What Keeps Researchers Up at Night? Sample Quality. And They Are Right to be Worried

Sample quality

“…issues surrounding access to quality and representative sample is without a doubt the single biggest individual challenge mentioned in the survey. General decline in the quality of sample with falling participation rates…is another concern.”

This quote is direct from the most recent GreenBook Research Industry Trends (GRIT) report, the world’s largest ongoing survey of research professionals.

These concerns about the quality of sample bubbled to the surface when a sample of 1,533 researchers from around the globe—both client-side and supplier—were asked an open-ended question about challenges that exist in the research industry today.

We’re glad to see that people are concerned about sample quality—they should be.
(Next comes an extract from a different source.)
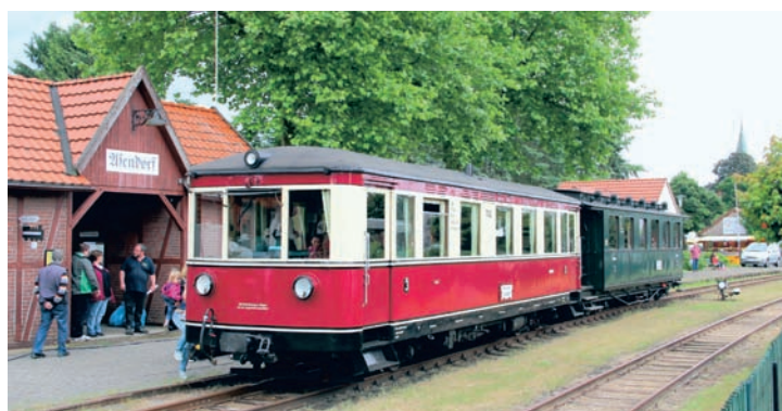
Am Sonntagabend verkehrte der ex FKB-Triebwagen T42 zusammen mit dem ebenfalls Lenz'schen Personenwagen Nr. 17. Asendorf, 19. Juni 2016

We’ve been tracking this problem for years and it’s getting worse, not better.

Here are four points of grave concern, and one reason for hope:

  1. River sample is not reliable;
  2. Most “panel” sample is not actually from a panel, it is river sample sold as panel;
  3. Panel sample that is recruited from sources like loyalty cards will skew the data;
  4. Publisher source panel is not only poor quality, it can be downright misleading;
  5. Sample from a well-maintained community can be both reliable and representative.

Let’s unpack these.

River sample is not reliable

The name river sample evokes visions of pristine waters flowing softly, with babbling rapids and a meandering path through a verdant forest. But that’s not exactly what it is. River sampling is an online sampling method that drives potential respondents sourced from panels, ads, pop-ups on social media, and other websites to a router, which sends potential respondents to any survey, by anyone, that might be available at the time.
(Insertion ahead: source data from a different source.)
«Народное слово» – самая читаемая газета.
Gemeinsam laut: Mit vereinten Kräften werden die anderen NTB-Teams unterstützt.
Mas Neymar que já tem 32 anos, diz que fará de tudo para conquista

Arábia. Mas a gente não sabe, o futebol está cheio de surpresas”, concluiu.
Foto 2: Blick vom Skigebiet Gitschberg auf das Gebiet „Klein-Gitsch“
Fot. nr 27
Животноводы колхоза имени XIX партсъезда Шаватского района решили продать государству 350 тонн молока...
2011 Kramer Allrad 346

In tracking research we have done using river sample, we found that 23% of questions showed a statistically significant difference over a one year period. That’s almost five times what we’d expect to see at a 95% confidence interval. And far from reliable.

Most panel sample is not actually from a panel, it is river sample sold as panel

The advent of social media and publisher sources has radically changed the “sample” we use in recent years. We have gone from relying on panels of known respondents—people we have been vetted and profiled—to streams of unknown respondents whose motivations for answering our questions are variable and not always aligned with our aim of collecting reliable and useful data.

Research by Compete, a Millward Brown Company, tracked the actual URL source of sample sold through the largest panel and other sample providers in the United States. This research shows how, in recent years, the source of most sample—including sample sold by “panel” sources—had become unknown, non-panel sample that is simply resold from secondary sources that are coming from social media, paid survey or routers.

Panel sample that is recruited from sources like loyalty cards will skew the data

Market research is intended to inform intelligent decision making by providing accurate information on the marketplace. If your sample source provides you with information that flavors the results so much that they lead to misinformation, then your results are useless.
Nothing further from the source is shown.